De Loecker wollte dann auch lieber über die Zukunft als über die Vergangenheit sprechen. Dabei wirkte der 53-jährige Belgier, der seit 2019 im Chefsessel sitzt, schmaler als zuvor, auch einige graue Haare sind wohl dazugekommen. „Es war ein Jahr mit außergewöhnlichen Herausforderungen“, sagte er.

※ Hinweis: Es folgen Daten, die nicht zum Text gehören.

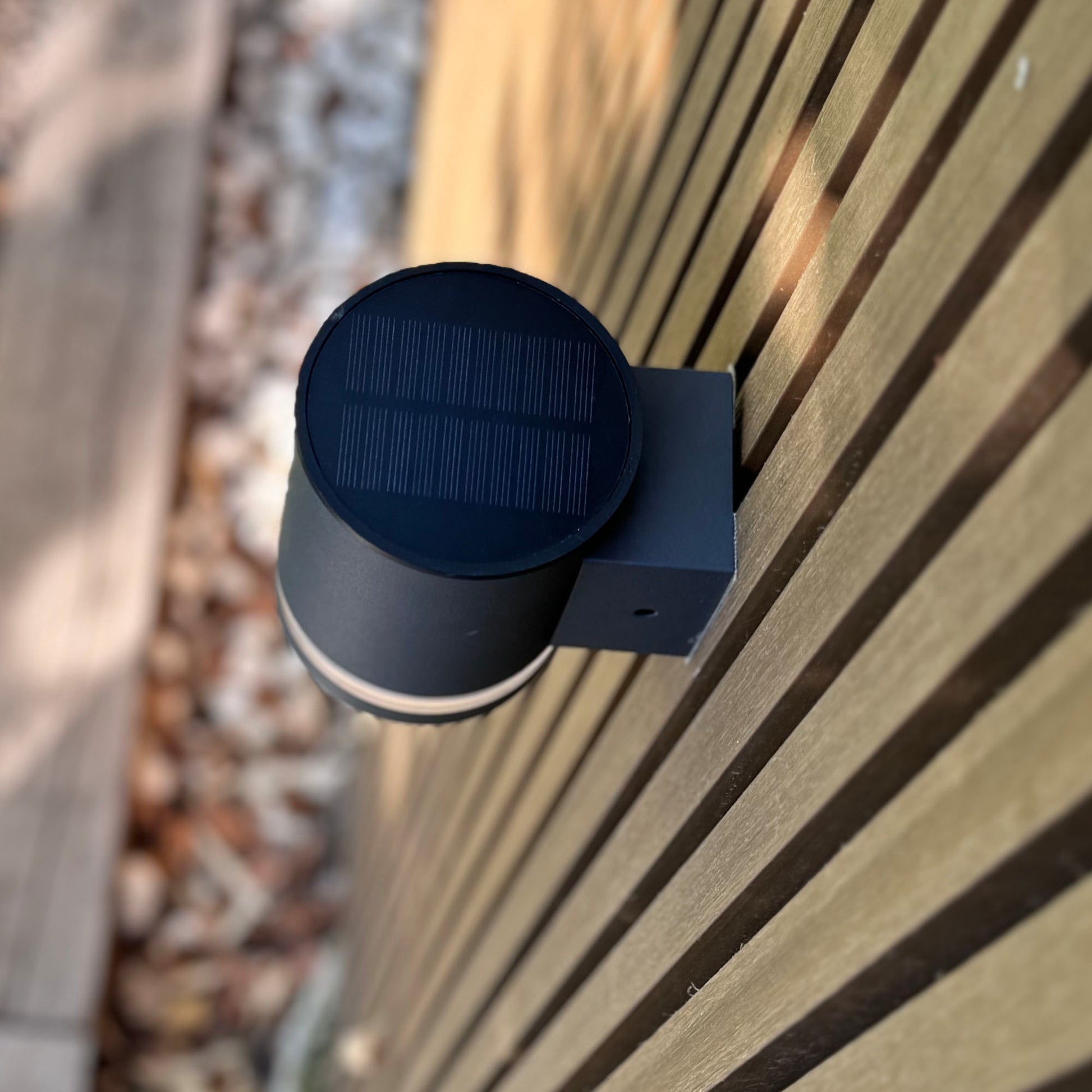 Lot de 2 Appliques Murales Solaires Gris Foncé HELIO - Design Cylindrique Moderne, LED à Lumière Blanc Chaud, Étanches et Idéales pour Jardin, Terrasse et Extérieur

Konzern beschleunigt sein Investitionsprogramm

 Im Frühjahr seien die Märkte weltweit um bis zu 20 Prozent eingebrochen. Trotzdem habe der Konzern im Zuge der C.A.R.E.+-Strategie weiter investiert und so Marktanteile in allen Hautpflegekategorien dazugewinnen können.

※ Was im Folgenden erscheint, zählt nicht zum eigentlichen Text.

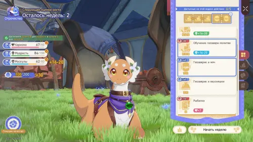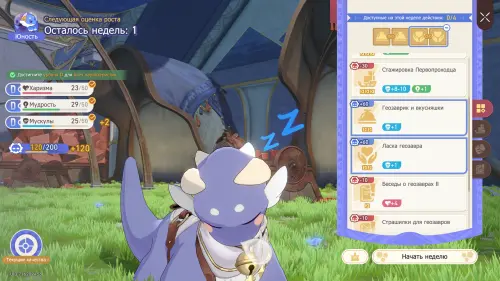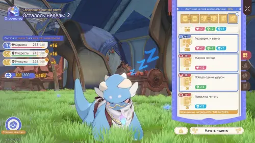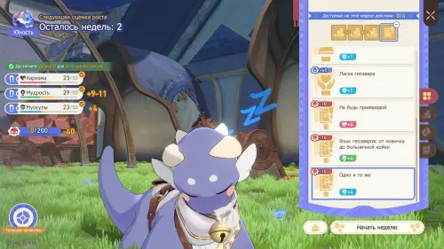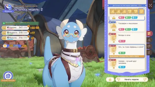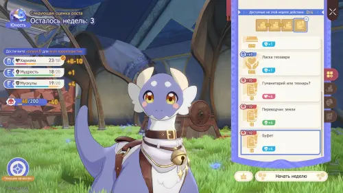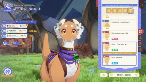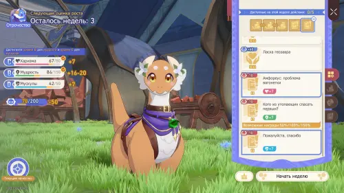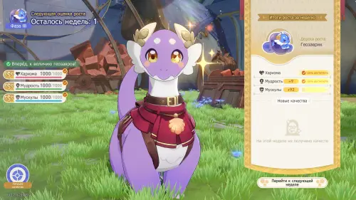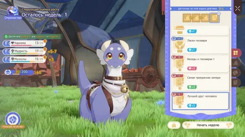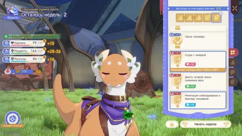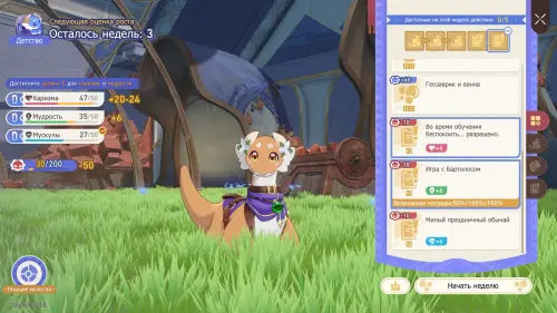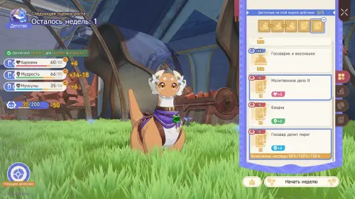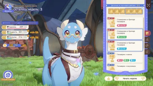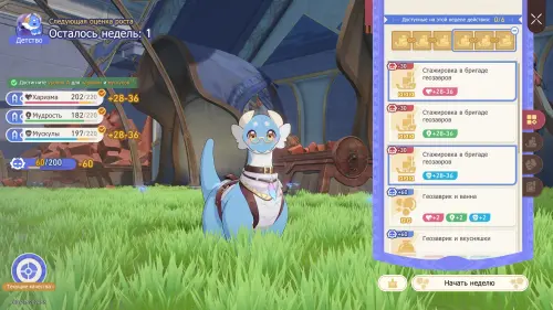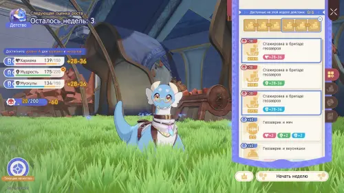 На третьей неделе вы должны будете выполнить все цели, поэтому просто прокачайте те параметры, которые вам кажутся наиболее низкими. Мы выбрали «Стажировка в бригаде геозавров» на повышение Мускулов и Харизмы. Можете снова позволить детенышу самостоятельно пройти испытания. На всякий случай отметим, что химер пробежало 18 штук.

Um aus der Krise herauszukommen, beschleunigt der Konzern, der mehrheitlich von der Vermögensverwaltung Maxingvest der Familie Herz gehalten wird, nun sogar sein Investitionsprogramm und steckt in den nächsten fünf Jahren zusätzlich 300 Millionen Euro in Digitalisierung, Wachstumsmärkte und Nachhaltigkeit.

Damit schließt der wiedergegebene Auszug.